The constraints are fairly small:
- At most 100 logs
- Each log length is at most 100 characters
These limits mean performance is not extremely critical, but we still want a clean and efficient solution. Since sorting is involved, an O(n log n) solution is ideal and completely sufficient.
There are several important edge cases to keep in mind:
- Multiple letter-logs can have identical content, requiring identifier comparison.
- All logs might already be digit-logs.
- All logs might already be letter-logs.
- Digit-logs must remain in original order, so the sorting process must preserve stability for them.
- Content comparison should ignore identifiers initially, because ordering is based primarily on content.
Approaches
Brute Force Approach
A brute-force approach would manually separate letter-logs and digit-logs, then repeatedly compare and reorder letter-logs using a custom sorting routine such as bubble sort.
The algorithm would:
- Traverse all logs.
- Split them into two arrays:
- letterLogs
- digitLogs
- Use nested loops to compare every pair of letter-logs.
- Compare contents first, then identifiers if needed.
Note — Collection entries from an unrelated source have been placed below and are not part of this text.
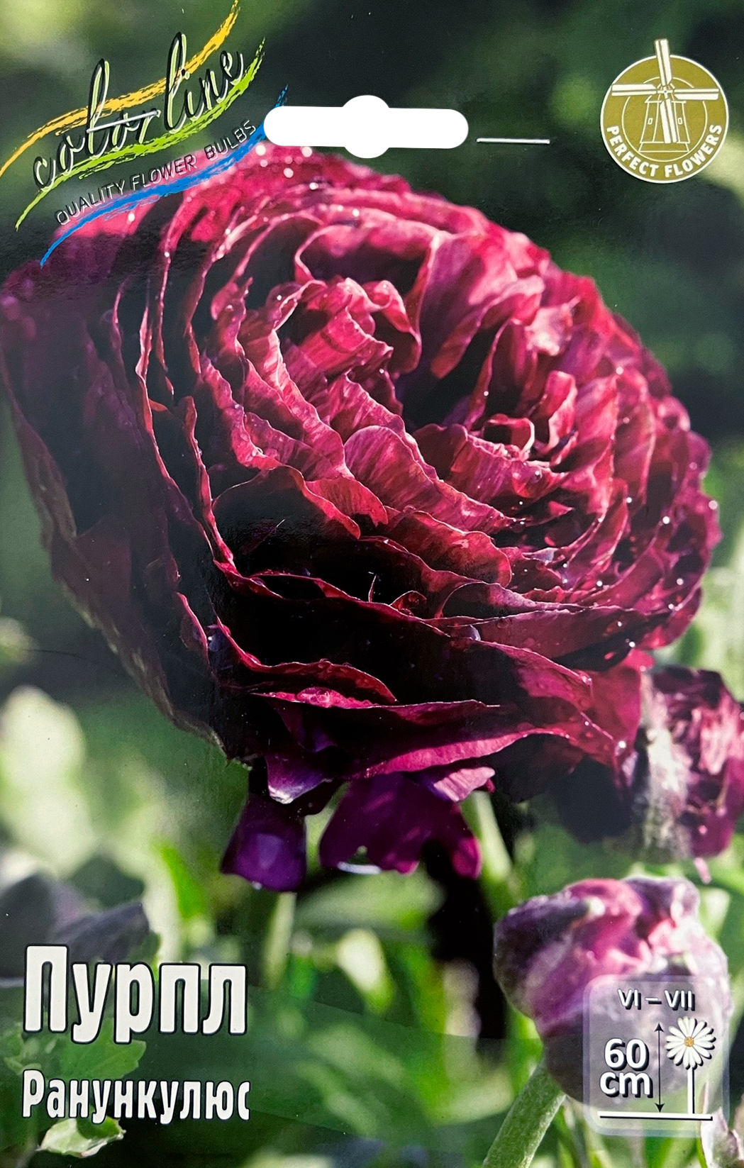Ранункулюс ПурплОтносится к группе весенних луковичных цветов. Цветки напоминают маленькие розы, а при роспуске изящные маки или пионы. Высота растения 50-60 см. Окрас: темно-лиловый, комочки диаметром до 7 см, с нежно-зеленой сердцевиной. Обладает легким, слабо уловимым ароматом. Листья тройчаторассеченые, зеленые. Цветение май-июль 2-3 недели, в срезке отлично выглядят до 10-15 дней. Посадка корешков: глубина 6-8 см, на расстоянии 10-15 см. Клубеньки высаживают коготками вниз, место соединения коготков должно быть направлено вверх, иначе лютик погибает. Почва желательна рыхлая, плодородная. Место посадки интенсивно освещенное и в полутени. Ранункулюс устойчив, как к высоким, так и к низким температурам. Размножают ранункулюсы дочерними корневищами, клубнями-детками. Сфера использования при высадке на клумбах, рабатках, в бордюре.
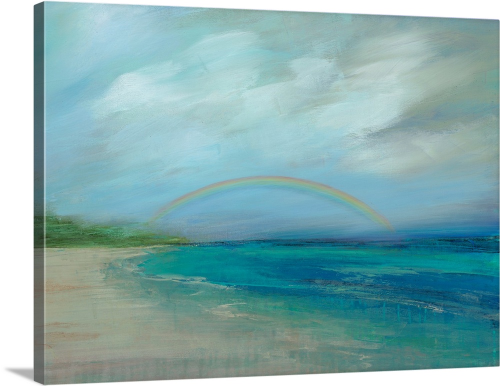<p>A serene, painterly coastal scene featuring a vibrant rainbow arching over turquoise waters and a sandy beach under a soft, cloudy sky.</p>
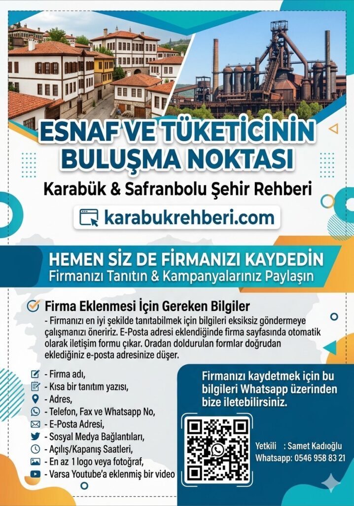 Siz de firmanızı Karabük Rehberi‘ne kaydetmek istiyorsanız bize Whatsapp yoluyla ulaşabilirsiniz.
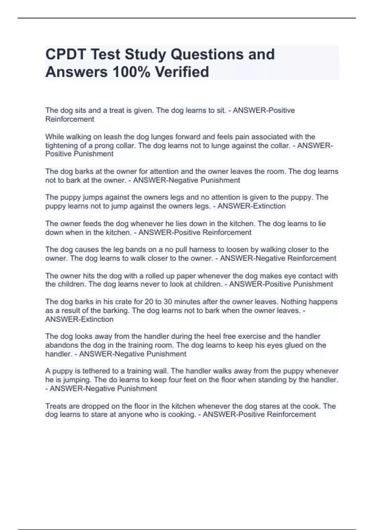 CPDT Test Study Questions and Answers 100% VerifiedCPDT Test Study Questions and Answers 100% VerifiedCPDT Test Study Questions and Answers 100% VerifiedCPDT Test Study Questions and Answers 100% VerifiedCPDT Test Study Questions and Answers 100% VerifiedThe dog sits and a treat is given. The dog learns to sit. - ANSWER-Positive Reinforcement While walking on leash the dog lunges forward and feels pain associated with the tightening of a prong collar. The dog learns not to lunge against the collar. - ANSWER-Positive Punishment The dog barks at the owner for attention and the owner leaves the room. The dog learns not to bark at the owner. - ANSWER-Negative Punishment
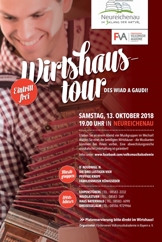 Seit drei Jahren organisiert der „Förderverein Volksmusikakademie in Bayern e.V.“ mittlerweile erfolgreich „musikalische Wirtshaustouren“. Diesmal marschieren die Musikanten durch Altreichenau und lassen sich dann in der Waidlerstubn, dem Loipenstüberl, im Haus Bayerwald und in der Dreisesselalm zum Musizieren nieder.
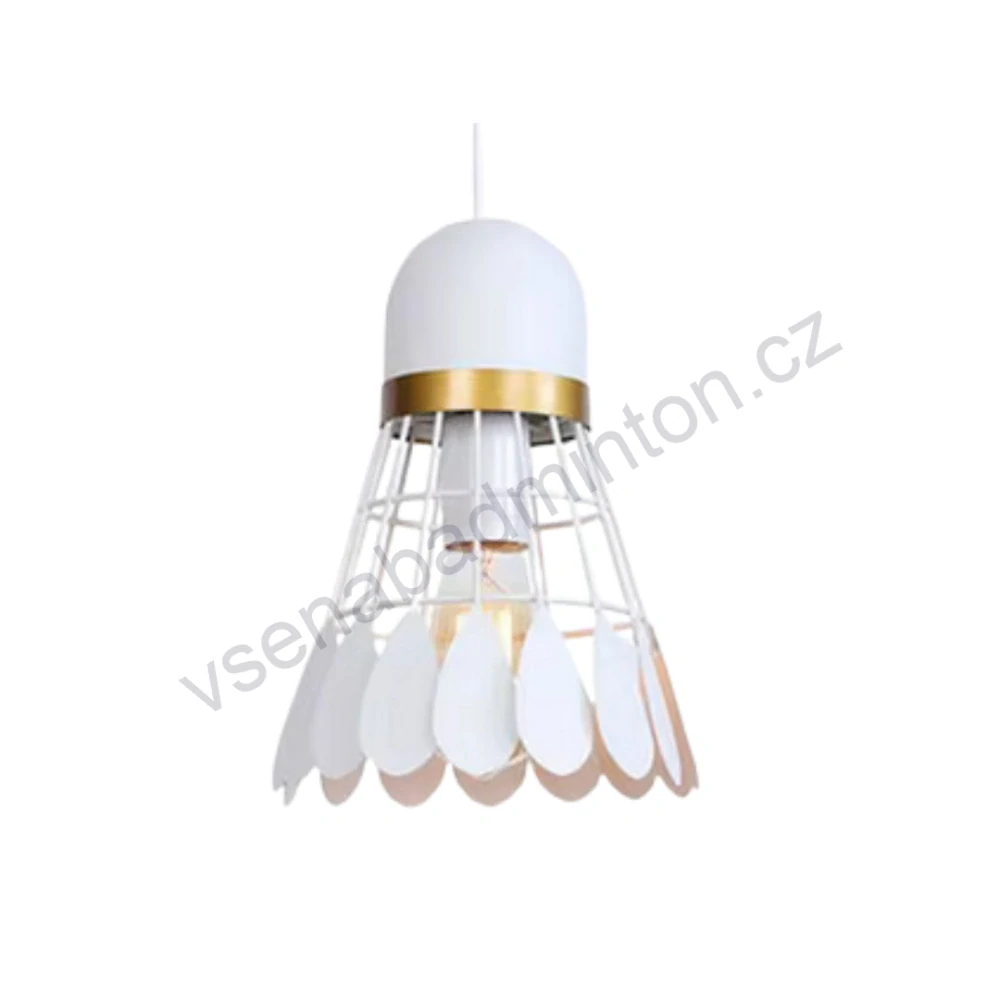 Moderní kovový lustr ve tvaru badmintonového míčku. Výška míčku je 29 cm a šířka je 21 cm. Dodáváno bez žárovky (E27).

- Append digit-logs afterward.
This works because it directly follows the problem rules. However, manually sorting with nested loops leads to O(n²) time complexity, which is unnecessary because modern languages already provide efficient sorting algorithms.
Optimal Approach
The key observation is that the ordering rules can be represented cleanly using a custom sorting key.
For each log:
-
If it is a letter-log, we sort it using:
-
content
-
identifier
-
If it is a digit-log, we place it after all letter-logs while preserving original order.
Stable sorting becomes important here. Python’s built-in sort is stable, and Go’s sort.SliceStable also preserves order for equal elements.
Instead of manually rearranging logs, we define a comparison rule that naturally enforces all requirements.
| Approach | Time Complexity | Space Complexity | Notes |
|---|---|---|---|
| Brute Force | O(n²) | O(n) | Manual comparison and swapping |
| Optimal | O(n log n) | O(n) | Uses stable sorting with custom ordering |
Algorithm Walkthrough
- Iterate through each log and split it into two parts:
- identifier
- content
- Determine whether the log is a letter-log or digit-log.
This can be done by checking the first character of the content:
- If it is a digit, the log is a digit-log.
- Otherwise, it is a letter-log.
- Define a sorting key for each log.
For letter-logs:
- Primary key: content
- Secondary key: identifier
For digit-logs:
- They should appear after all letter-logs.
- Their relative order must remain unchanged.
- Use a stable sorting algorithm.
Stability matters because digit-logs should not be rearranged relative to each other. 5. Return the sorted logs array.
Why it works
The algorithm works because the custom ordering exactly matches the problem specification.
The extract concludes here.